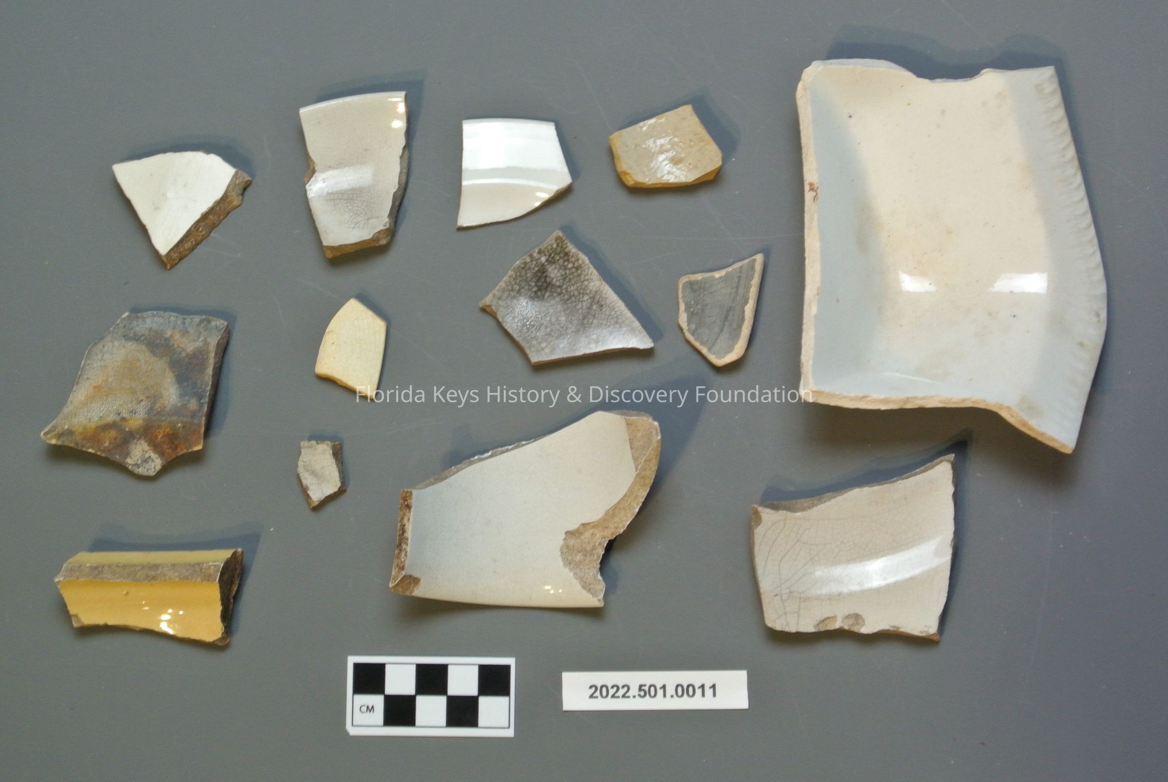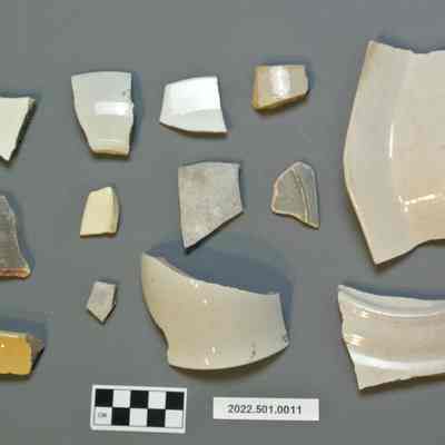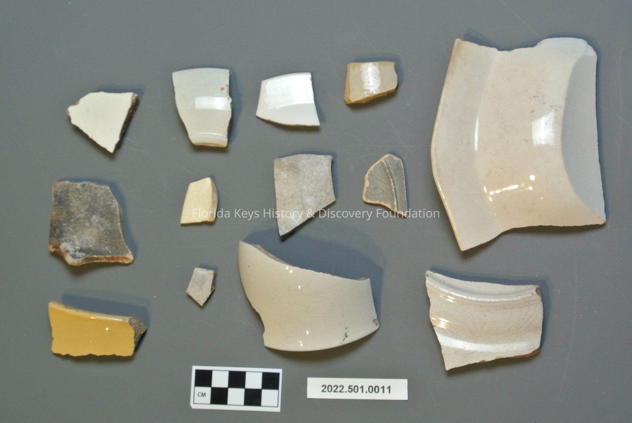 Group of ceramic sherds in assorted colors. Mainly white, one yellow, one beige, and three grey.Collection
•••
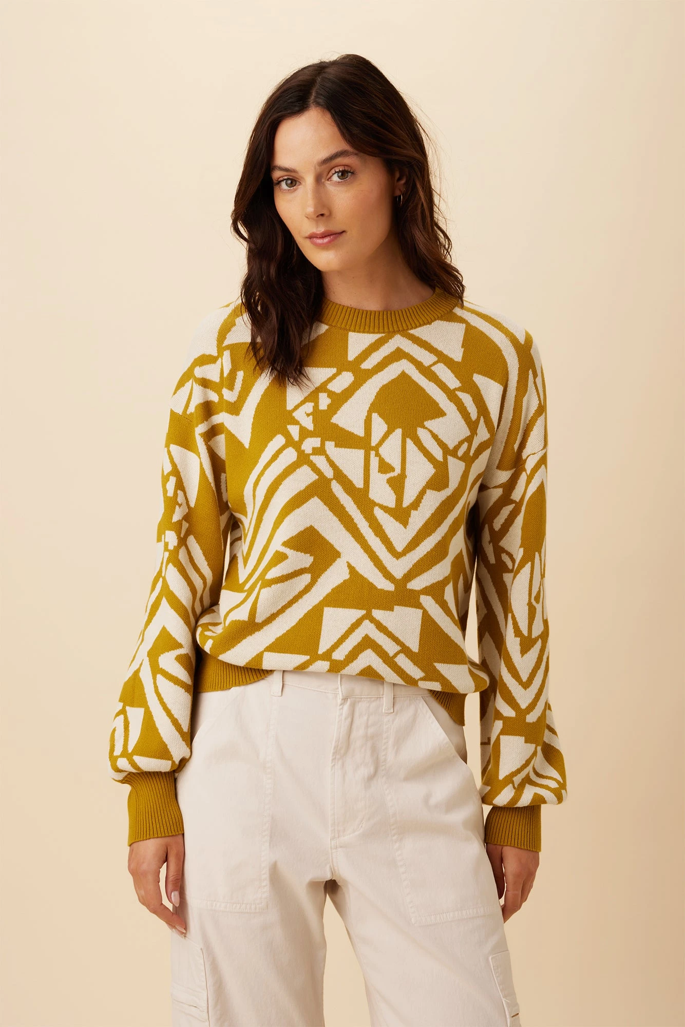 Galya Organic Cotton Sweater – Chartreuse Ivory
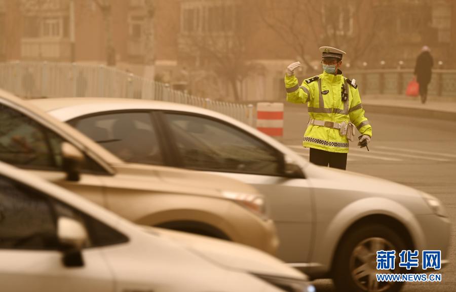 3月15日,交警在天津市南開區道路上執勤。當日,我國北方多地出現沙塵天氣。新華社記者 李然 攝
•••
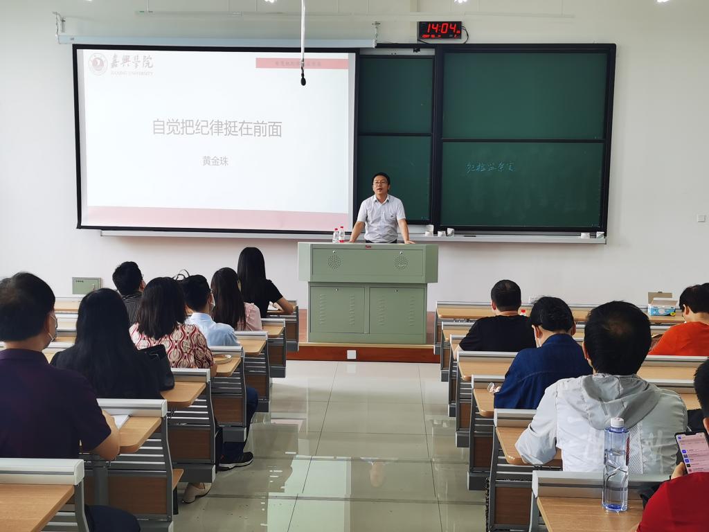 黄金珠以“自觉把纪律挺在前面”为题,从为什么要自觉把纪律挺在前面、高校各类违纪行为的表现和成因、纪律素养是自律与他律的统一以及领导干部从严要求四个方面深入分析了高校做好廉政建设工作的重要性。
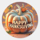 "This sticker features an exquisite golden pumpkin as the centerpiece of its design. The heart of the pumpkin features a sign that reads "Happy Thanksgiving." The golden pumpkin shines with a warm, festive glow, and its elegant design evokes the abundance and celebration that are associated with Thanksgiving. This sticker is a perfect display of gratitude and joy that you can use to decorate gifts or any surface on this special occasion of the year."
•••
## What the task asks
Each line above starting at the one holding "Galya Organic Cotton" and ending at the one holding "3月15日,交警在天津市南開區道路上執勤。當日,我國北方多地出現沙塵天氣。新華社記者 李然 攝" should be set down exactly as it stands, both ends included, with no pictures.

## Written solution
 Galya Organic Cotton Sweater – Chartreuse Ivory
 3月15日,交警在天津市南開區道路上執勤。當日,我國北方多地出現沙塵天氣。新華社記者 李然 攝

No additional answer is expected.